フレイルには、体重減少や筋力低下などの身体的な変化だけでなく、気力の低下などの精神的な変化、引きこもりなど社会的な変化も含まれます。75歳以上の人の多くはフレイルの段階を経て要介護状態になりますが、フレイルの段階で早めに対処すれば、健康な状態に戻る可能性があると考えられています。サルコペニアが起こると、フレイルに進む可能性が非常に高くなります。
若い人でも要注意!サルコペニア予備群
65歳以下の人でも、デスクワークや自動車に頼る生活習慣などによって、筋肉が著しく減っている場合があります。若い人の中にもサルコペニア予備群がいるので、注意が必要です。

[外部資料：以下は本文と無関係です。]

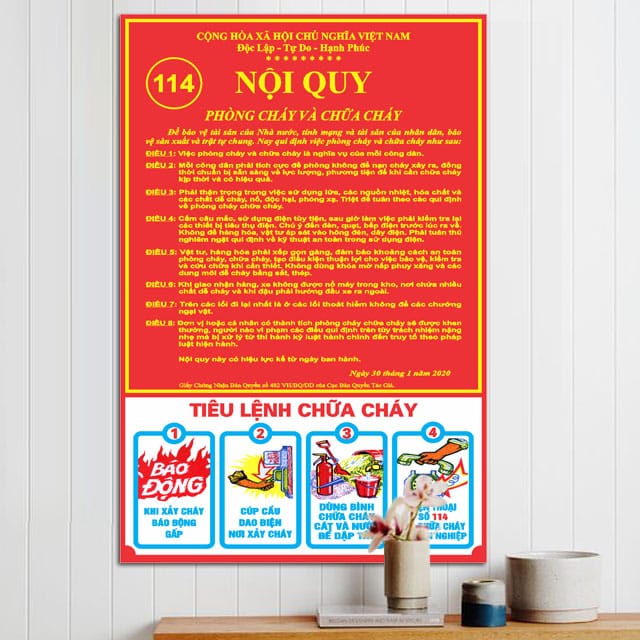 - Thiết kế linh hoạt: Bộ nội quy có thể được treo ở nhiều vị trí khác nhau, giúp dễ dàng tiếp cận và quan sát.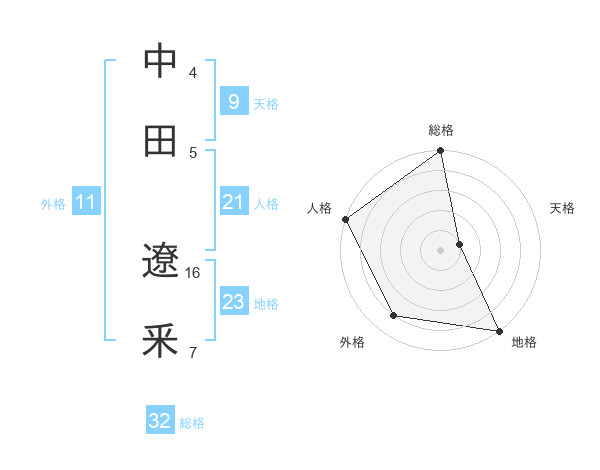 中田 遼釆さんの総格は32画の5点

サルコペニア予備群には3つのタイプがあります。次のタイプに当てはる人は注意しましょう。
やせている(BMI18.5以下)75歳以上の高齢者
特にたんぱく質の摂取が少ない粗食の人は注意が必要です。
高齢者のBMIの範囲の下限の引き上げについてメタボで脚が細いタイプ
メタボや肥満を医師から指摘されて食事制限は行っているけれども、運動を全くしていないといった場合です。このタイプは、筋肉の減少と肥満の両方を併せ持つ「サルコペニア肥満」と考えられます。体重の負荷の割に筋力が弱いため、転倒しやすくなります。
若い女性
ダイエット目的で食事制限だけを行い運動をしないと、脂肪だけでなく筋肉も少なくなってしまいます。